IPUMS Data Extraction System1
by Todd Gardner, Matthew Sobek and Steven Ruggles
The Internet data access system we designed for the IPUMS dataseries uses a distributive rather than centralized approach.2 The dramatic rise in the performance of inexpensive desktop computers, along with rapidly increasing capacity of the Internet, has facilitated this alternative way to access large microdata files. Instead of providing tabulated results to the user, the server provides actual individual-level data which the researcher downloads for processing on a desktop workstation. This requires greater sophistication on the part of users because they must be able to use a statistical package such as SPSS, SAS or Stata. The great advantage of this approach is that it imposes no limits on the sophistication of data manipulation or statistical techniques available to the user.
The main goal of the IPUMS is to facilitate the use of multiple census years for historical analysis. It is impractical, however, to distribute a 25-plus gigabyte database such as the IPUMS to the entire research community, despite the increased capacity of both the Internet and desktop computers. To make the database more accessible, we have developed an interactive data extraction system for use on the World Wide Web. The IPUMS Data Extraction System allows researchers to select only those subpopulations and variables needed for a particular analysis. The extraction system creates a single data file containing multiple census years with identical custom record layouts. This allows researchers to fashion smaller extracts of the data specifically oriented to their own research agenda and suited to their available computing power and storage capacity. In practice, researchers never require all variables and all cases from a census year. In the past, however, they have had no choice but to obtain the entire census samples to get the cases they wanted. Now, with the IPUMS extraction system, researchers can design subsamples incorporating a subset of variables pertaining to the specific populations of interest to them.
The Extraction System Interface
The first choice users make is the density of the samples from which to draw the extract: tiny, small, regular and large. "Tiny" samples are random subsamples of approximately 2000 households, intended for exploratory analysis and instruction. "Small" samples of about 20,000 households run quickly yet are large enough for many research purposes. "Regular" samples include the full-typically 1-in-100-samples from each census year, with the exception of the 1980 and 1990 5% samples which we refer to as "large." By forcing users to confront this choice first, we hope to encourage researchers to begin with smaller, more manageable extracts. The first inclination of most new users is to make huge extracts that contain far more cases and variables than necessary, exceed their processing or storage capacity, or leave out critical variables. The density selection feature also guarantees fairly consistent sample sizes across census years rather than allowing a mixing and matching of densities that would generally not be very satisfactory. The exception is the "large" samples which are only available for the most recent census years.

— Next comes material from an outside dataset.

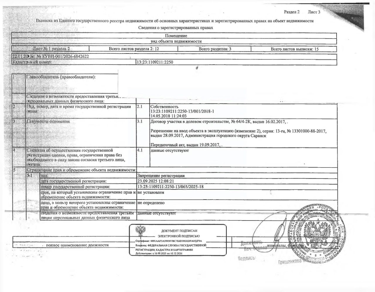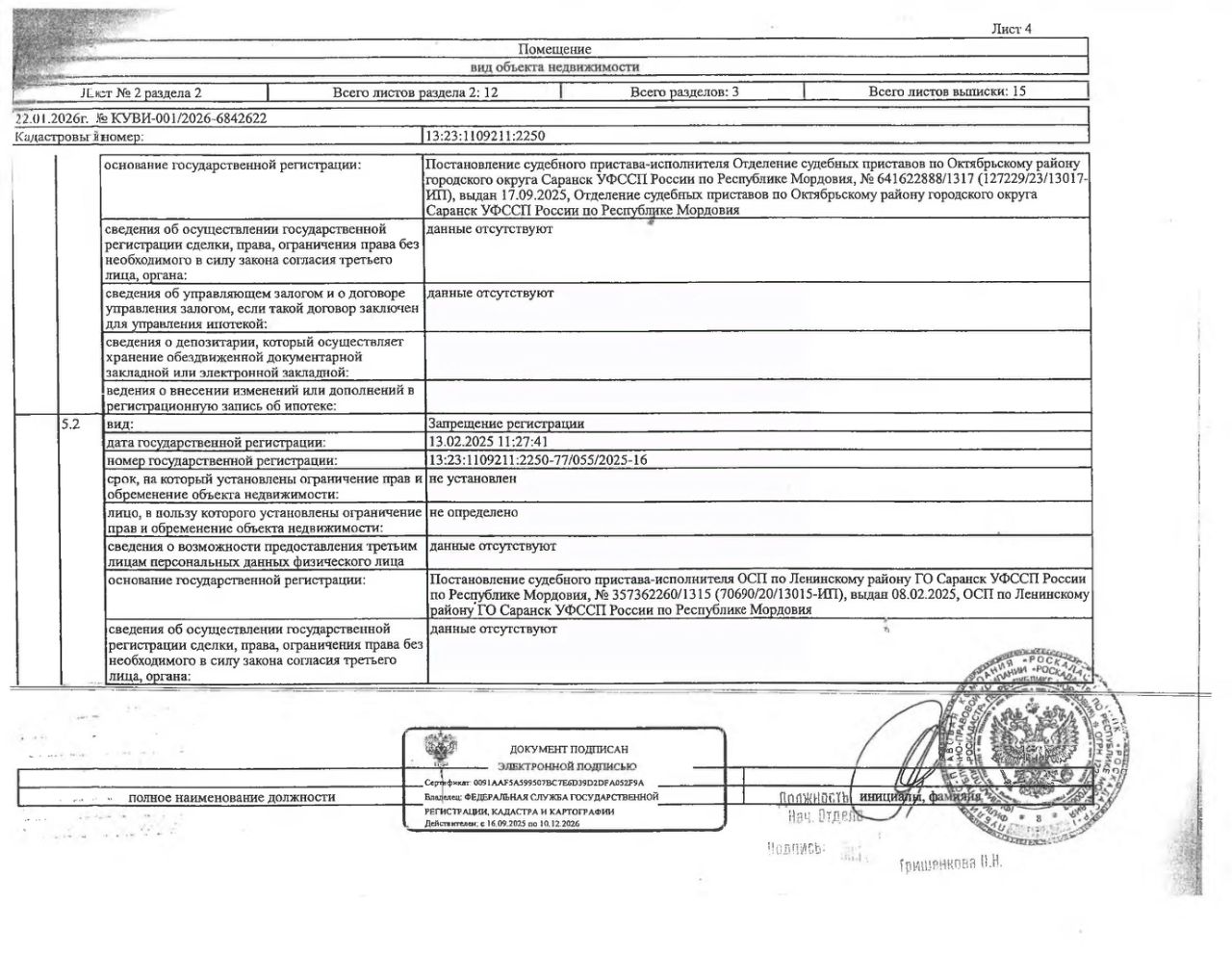 Жилое помещение (квартира) общей площадью 41 кв.м., кад. 13:23:1109211:2250, находящаяся в пределах объекта недвижимости с кад. 13:23:1109211:2194, зарегистрированное за Алямкиным Д.П., правопреемником которого и должником по исполнительному производству является Администрация го Саранск. Зарегистрированные лица отсутствуют. Сведениями о фактическом состоянии объекта недвижимости, о задолженности по коммунальным платежам и взносам на капитальный ремонт организатор торгов не располагает. Техническая документация на объект недвижимости и его фотографии отсутствуют у организатора торгов.

Once users have selected a sample density, they begin the procedure to request an extract. In the first step of this procedure, users define the general characteristics of their desired extract as shown in Figure 1. They select the particular census sample or combination of samples they want (e.g., 1990 1% metro, or the 1880 general sample). Each sample listed in the variable selection step is linked by hypertext to a brief description giving its general characteristics and special features such as weighting or geographic limitations. The default file structure is rectangular (all household information attached to respective household members) but users may select a hierarchical structure (household record followed by person records), if they prefer. Users can also choose household records only" if their research does not require any individual-level information. A feature allowing continuously variable sample densities will be added in the near future.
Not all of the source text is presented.